-- Material to process follows --
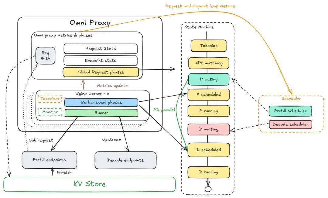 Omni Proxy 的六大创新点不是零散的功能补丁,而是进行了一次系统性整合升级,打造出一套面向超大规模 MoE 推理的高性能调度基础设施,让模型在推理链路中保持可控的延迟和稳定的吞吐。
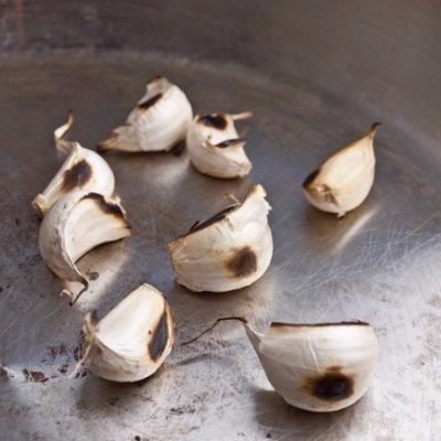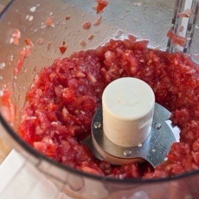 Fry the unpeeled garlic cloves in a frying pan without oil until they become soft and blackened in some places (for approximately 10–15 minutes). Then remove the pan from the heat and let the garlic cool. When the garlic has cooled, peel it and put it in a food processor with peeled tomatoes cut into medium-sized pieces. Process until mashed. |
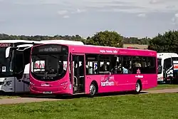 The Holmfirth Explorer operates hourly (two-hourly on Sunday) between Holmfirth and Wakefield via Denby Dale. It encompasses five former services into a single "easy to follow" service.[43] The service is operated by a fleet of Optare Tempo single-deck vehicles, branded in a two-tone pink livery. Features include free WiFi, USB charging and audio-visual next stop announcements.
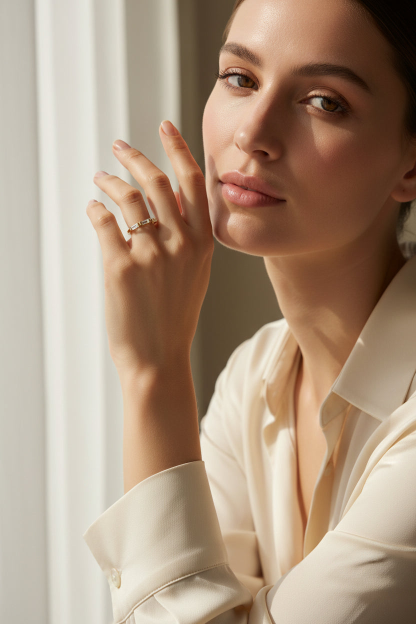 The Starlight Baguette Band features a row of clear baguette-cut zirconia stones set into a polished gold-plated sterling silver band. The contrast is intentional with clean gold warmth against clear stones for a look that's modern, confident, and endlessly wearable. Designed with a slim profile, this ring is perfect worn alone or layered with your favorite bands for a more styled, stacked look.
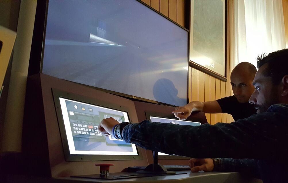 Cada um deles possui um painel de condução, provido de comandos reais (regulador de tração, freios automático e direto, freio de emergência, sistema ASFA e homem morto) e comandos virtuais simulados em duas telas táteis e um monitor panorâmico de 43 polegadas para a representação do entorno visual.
-- Material to process concluded --
§ **Task instructions**: Only the text of the records belongs in the answer, printed exactly and without pictures.

§ **Task output**:
 Omni Proxy 的六大创新点不是零散的功能补丁,而是进行了一次系统性整合升级,打造出一套面向超大规模 MoE 推理的高性能调度基础设施,让模型在推理链路中保持可控的延迟和稳定的吞吐。
 Fry the unpeeled garlic cloves in a frying pan without oil until they become soft and blackened in some places (for approximately 10–15 minutes). Then remove the pan from the heat and let the garlic cool. When the garlic has cooled, peel it and put it in a food processor with peeled tomatoes cut into medium-sized pieces. Process until mashed. |
 The Holmfirth Explorer operates hourly (two-hourly on Sunday) between Holmfirth and Wakefield via Denby Dale. It encompasses five former services into a single "easy to follow" service.[43] The service is operated by a fleet of Optare Tempo single-deck vehicles, branded in a two-tone pink livery. Features include free WiFi, USB charging and audio-visual next stop announcements.
 The Starlight Baguette Band features a row of clear baguette-cut zirconia stones set into a polished gold-plated sterling silver band. The contrast is intentional with clean gold warmth against clear stones for a look that's modern, confident, and endlessly wearable. Designed with a slim profile, this ring is perfect worn alone or layered with your favorite bands for a more styled, stacked look.
 Cada um deles possui um painel de condução, provido de comandos reais (regulador de tração, freios automático e direto, freio de emergência, sistema ASFA e homem morto) e comandos virtuais simulados em duas telas táteis e um monitor panorâmico de 43 polegadas para a representação do entorno visual.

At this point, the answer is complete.